Zack Ulissi receives 3M award
Adam Dove
Apr 23, 2020
Carnegie Mellon University Department of Chemical Engineering Assistant Professor Zack Ulissi has received a 3M Non-tenured Faculty Award. This competitive award is presented by multinational industrial and consumer technology company 3M, and is designed to not only recognize the outstanding young faculty who excel in STEM research, academic leadership, and experience, but also as a means of helping them achieve tenure.
This award, totaling $45,000 spread out over three years, will go to support the work of Ulissi’s research group, which uses machine learning and data science to discover and develop new chemical catalysts for a variety of industrial and commercial applications. In particular, this funding will be used to develop new exploratory projects into novel machine learning methods for rapid catalyst testing. It will also go to support student professional development and conference travel.

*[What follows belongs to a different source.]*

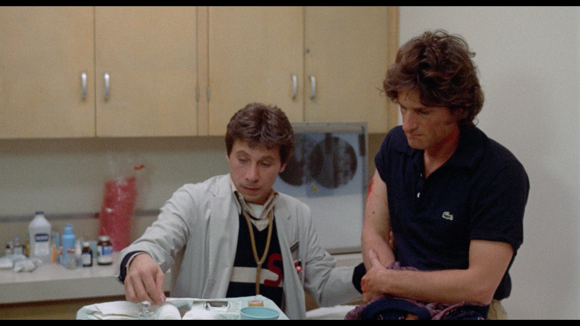 Both also port over all the extras from the Filmcentrix release on the Blu-ray options (commentary, featurettes, archival Q&As, etc.) and let the film itself fill out the UHD with only the commentary, while adding the alternate trailer and The Ringer with optional Lieberman commentary to the Blu-ray. The Camera Obscura also has a 35-image gallery of posters and stills accompanied by soundtrack music, plus a booklet with an essay by Dr. Marcus Stiglegger; audio options include PCM 2.0 mono for the differently pitched German theatrical and home video mixes and the English mono mix, plus a DTS-HD MA 5.1 English track with optional German or English subtitles (plus optional German subs on the extras). On the other hand, the French release has optional French subtitles and, rather t3han a DVD, tosses in a bonus Blu-ray featuring a no-frills presentation of Lieberman's 1988 VHS cult film Remote Control with Kevin Dillon and Jennifer Tilly (under the title Meurtes en VHS), though you can also purchase it separately on Blu-ray or DVD from Lieberman himself.Of course, it was just a matter of time before Synapse upgraded the film. In 2024 they issued a three-disc limited edition (UHD, Blu-ray and soundtrack CD), followed in 2026 by separate retail UHD and Blu-ray options. As you would expect it's the best-authored option of the bunch, featuring exceptional detail and a nice color gamut for the HDR10-compatible Dolby Vision grade on the UHD. The framing is identical as the prior Blu-ray and UHD options with similar but not identical color, with more convincing ones on display on a few scenes (like the fourth frame grab comparison below). The DTS-HD MA 2.0 mono and 5.1 surround English mixes both sound excellent, with optional English SDH subtitles provided. This time you get both of the Lieberman commentaries (with Berger and Drenner) together in one place, plus the 2003 interview with Lieberman, the Channel Z interview with Lieberman and Garris, and the "Lieberman on Lieberman" piece, plus a funny Fantasia Film Festival screening Q&A (36m29s) with Michael Gingold, two trailers, The Ringer, the bonus LSD short scare films LSD-25 (26m41s) from 1967 and LSD: Insight or Insanity? (18m3s) from 1968 with lots of inappropriate stock music and groovy narration, and a 5m37s image gallery. The film itself can also be played with a new 1m29s Lieberman intro about the film's real-life inspiration while he goofs with a Rodin-esque sculpture.
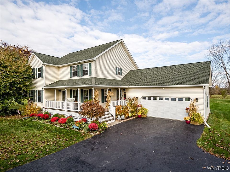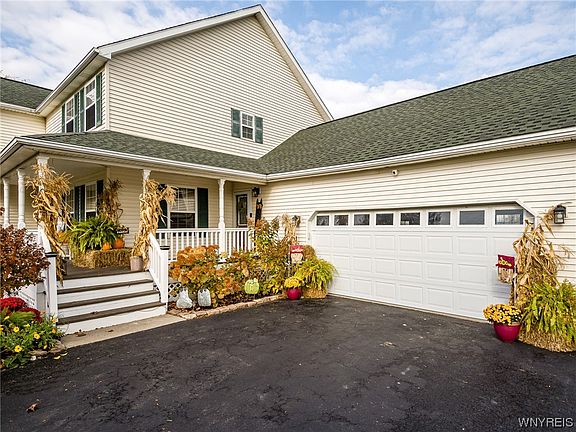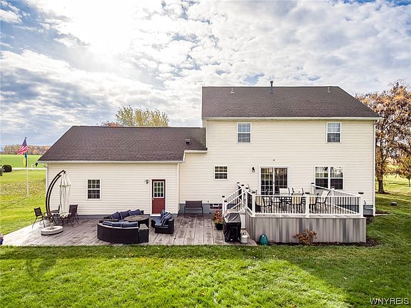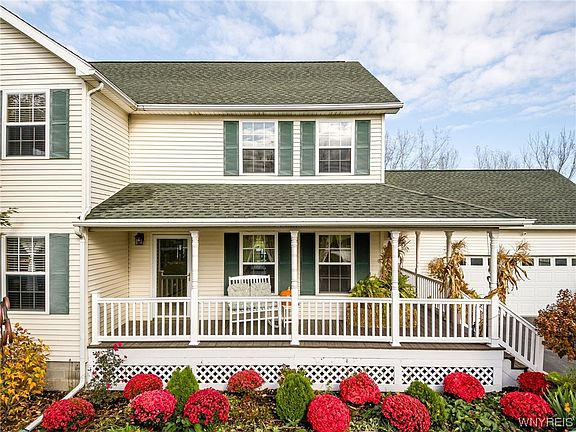 Well maintained 4 bedroom 2.5 bath, almost 2500 sqft house situated on 6.4 acres! Beautifully updated kitchen with newer cabinets, granite countertops, and appliances that stay. Laundry and 1/2 bath on the first floor for convenience. Formal dining room, living room, and family room currently being used as an office. Upstairs has 4 bedrooms and 2 full baths. New flooring just added to the master bath (not in photos). Newer geothermal heating and water tank added in 2015 so no crazy propane/gas bills in the winter. There is a propane tank on site for the backup generator and fireplace in the living room. This home is super efficient and secluded but still close to all modern conveniences. The garden was added this year and the owner even had water and electric ran to it. Beautiful views right off your back deck, and there's still plenty of trees in the back for added privacy. The septic was just pumped and inspected last year, Amish shed for extra storage, and the attached 2 car garage. With the purchase of this home you will receive 2024 Bills season tickets Section 315, row 12, seats 1 and 2.

“The 3M Non-Tenured Faculty Award Program illustrates 3M's commitment to leading-edge scientific research in America and is an important part of 3M's greater than a century of commitment to innovation. It also provides a great opportunity for industrial and academic researchers to interact,” says Terry Smith, Technical Director of 3M's Corporate Research Materials Laboratory.
“The unrestricted awards enable recipients to pursue their own lines of interest and provides an opportunity to come to 3M and interact with their peers,” he explains. “For 3M researchers, it is an additional opportunity to stay in touch with the creative ideas that are stimulating some of the nation's brightest young scientists."
With this award, Ulissi joins a prestigious cohort of Carnegie Mellon faculty who have received the 3M Non-tenured Faculty Award. Past winners include Department of Chemistry Professor Bruce Armitage, and Chemistry and Biomedical Engineering Associate Professor Newell Washburn.
“It’s an honor to receive this award from 3M, and to be counted among so many other incredible young faculty,” says Ulissi. “This support will be invaluable to both my own research, and the academic and professional development of my students.”